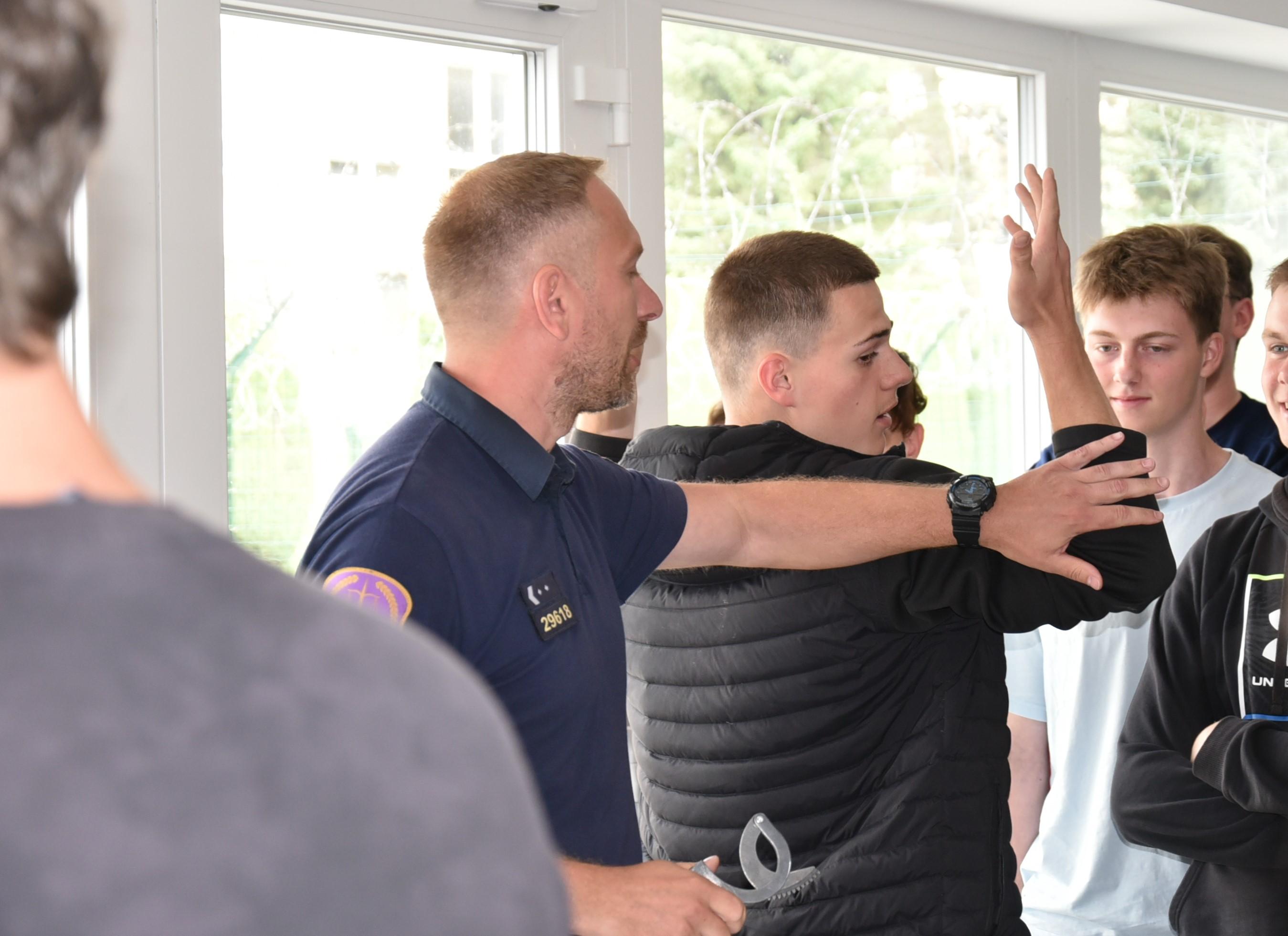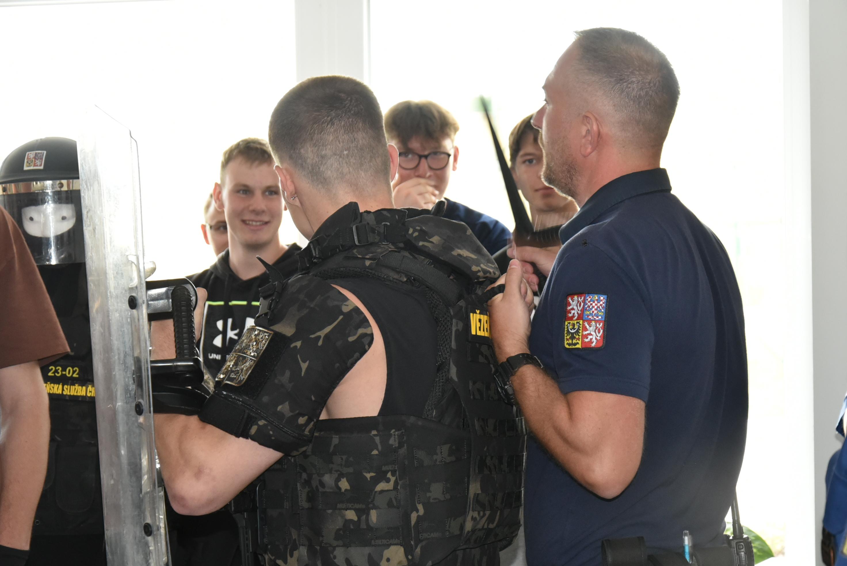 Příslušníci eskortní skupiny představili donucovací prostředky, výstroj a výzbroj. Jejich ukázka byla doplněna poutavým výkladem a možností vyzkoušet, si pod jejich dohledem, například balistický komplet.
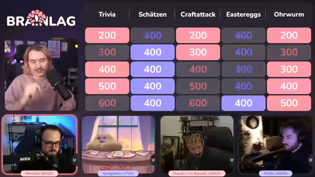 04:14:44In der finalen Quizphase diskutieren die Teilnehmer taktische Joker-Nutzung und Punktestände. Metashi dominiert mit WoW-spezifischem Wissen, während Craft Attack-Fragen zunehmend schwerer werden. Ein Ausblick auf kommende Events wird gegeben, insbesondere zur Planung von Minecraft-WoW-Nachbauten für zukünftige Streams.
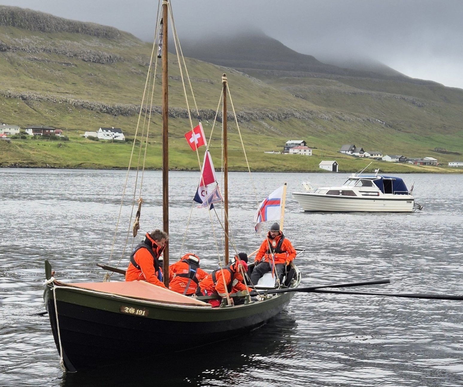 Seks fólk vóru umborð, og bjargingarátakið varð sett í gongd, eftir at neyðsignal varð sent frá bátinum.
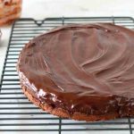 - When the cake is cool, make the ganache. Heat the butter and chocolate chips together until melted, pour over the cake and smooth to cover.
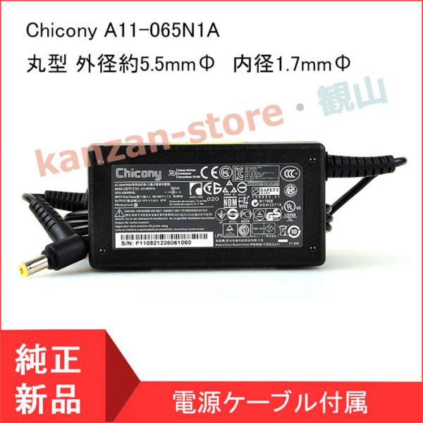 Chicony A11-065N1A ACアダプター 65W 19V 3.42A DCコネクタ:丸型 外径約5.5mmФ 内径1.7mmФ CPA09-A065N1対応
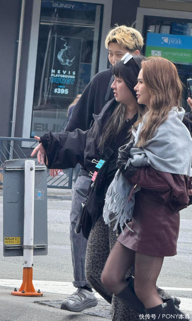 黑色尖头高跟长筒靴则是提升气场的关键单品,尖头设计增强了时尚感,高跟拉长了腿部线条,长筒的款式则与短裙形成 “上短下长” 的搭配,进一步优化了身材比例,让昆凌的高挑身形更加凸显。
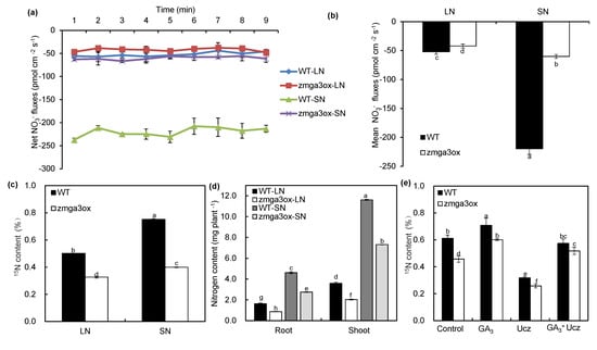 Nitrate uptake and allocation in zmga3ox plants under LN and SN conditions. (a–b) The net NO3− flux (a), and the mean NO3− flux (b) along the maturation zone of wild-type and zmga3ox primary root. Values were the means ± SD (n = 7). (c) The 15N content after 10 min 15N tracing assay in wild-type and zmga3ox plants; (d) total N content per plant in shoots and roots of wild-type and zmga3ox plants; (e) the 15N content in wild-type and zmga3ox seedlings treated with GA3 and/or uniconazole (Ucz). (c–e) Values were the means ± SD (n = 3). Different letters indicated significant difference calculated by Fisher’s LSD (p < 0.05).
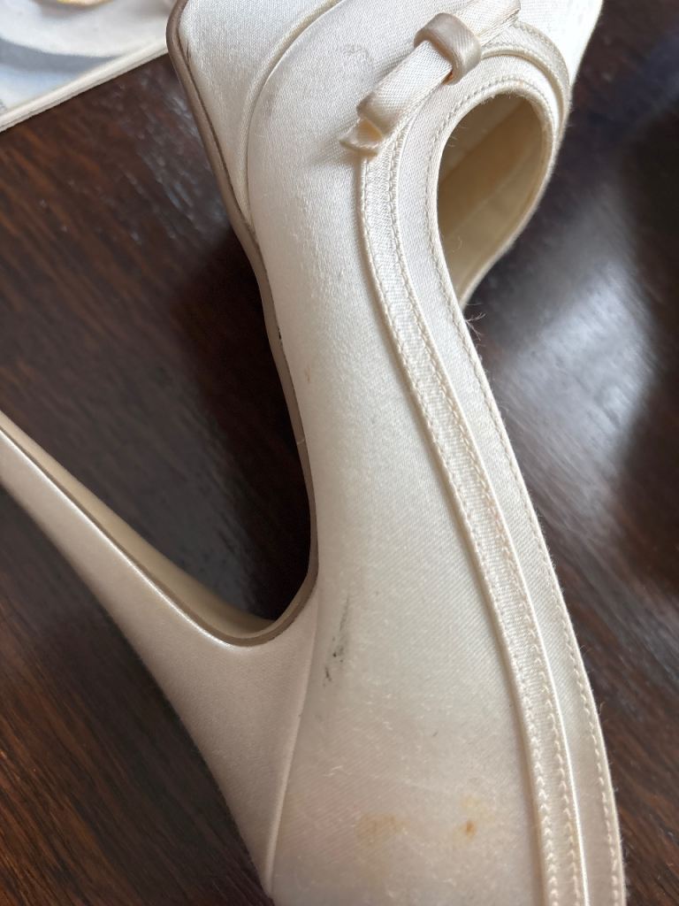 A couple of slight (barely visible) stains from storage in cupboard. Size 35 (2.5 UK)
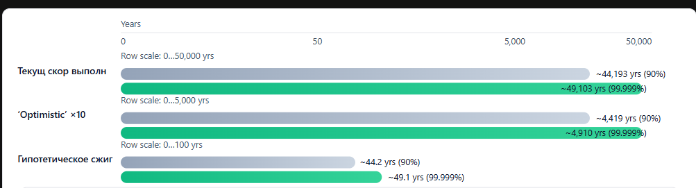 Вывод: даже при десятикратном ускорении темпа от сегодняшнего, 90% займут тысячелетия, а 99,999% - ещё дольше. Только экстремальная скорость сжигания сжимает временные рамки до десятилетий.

+ + + + + + +

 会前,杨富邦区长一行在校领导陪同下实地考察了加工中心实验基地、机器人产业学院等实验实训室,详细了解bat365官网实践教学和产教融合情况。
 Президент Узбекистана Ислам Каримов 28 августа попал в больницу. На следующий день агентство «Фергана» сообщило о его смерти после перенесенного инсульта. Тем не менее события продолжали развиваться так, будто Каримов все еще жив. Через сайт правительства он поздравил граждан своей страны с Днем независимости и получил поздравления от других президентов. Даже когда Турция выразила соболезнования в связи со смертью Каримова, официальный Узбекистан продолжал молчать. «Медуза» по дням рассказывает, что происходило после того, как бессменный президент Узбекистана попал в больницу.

+ + + + + + +

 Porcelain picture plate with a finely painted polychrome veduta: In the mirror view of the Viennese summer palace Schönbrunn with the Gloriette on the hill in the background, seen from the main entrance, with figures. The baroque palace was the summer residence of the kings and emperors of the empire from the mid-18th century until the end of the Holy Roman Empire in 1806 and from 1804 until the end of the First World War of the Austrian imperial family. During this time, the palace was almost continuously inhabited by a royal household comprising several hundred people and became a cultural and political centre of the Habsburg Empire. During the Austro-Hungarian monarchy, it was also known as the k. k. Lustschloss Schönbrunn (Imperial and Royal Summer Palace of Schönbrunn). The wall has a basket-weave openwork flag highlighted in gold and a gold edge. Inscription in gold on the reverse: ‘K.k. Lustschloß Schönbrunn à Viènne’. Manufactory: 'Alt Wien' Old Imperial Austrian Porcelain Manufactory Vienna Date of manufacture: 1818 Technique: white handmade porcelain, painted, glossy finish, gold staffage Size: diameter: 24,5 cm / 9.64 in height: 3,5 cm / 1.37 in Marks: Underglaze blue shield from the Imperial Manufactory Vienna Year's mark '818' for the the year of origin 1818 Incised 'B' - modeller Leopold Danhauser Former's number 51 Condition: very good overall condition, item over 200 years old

+ + + + + + +

### Exercise details:
Exactly the lines starting at the one above with "Seks fólk vóru" and ending at the one with "- When the cake" should be printed, and nothing else. Omit the pictures.

### Written solution:
 Seks fólk vóru umborð, og bjargingarátakið varð sett í gongd, eftir at neyðsignal varð sent frá bátinum.
 - When the cake is cool, make the ganache. Heat the butter and chocolate chips together until melted, pour over the cake and smooth to cover.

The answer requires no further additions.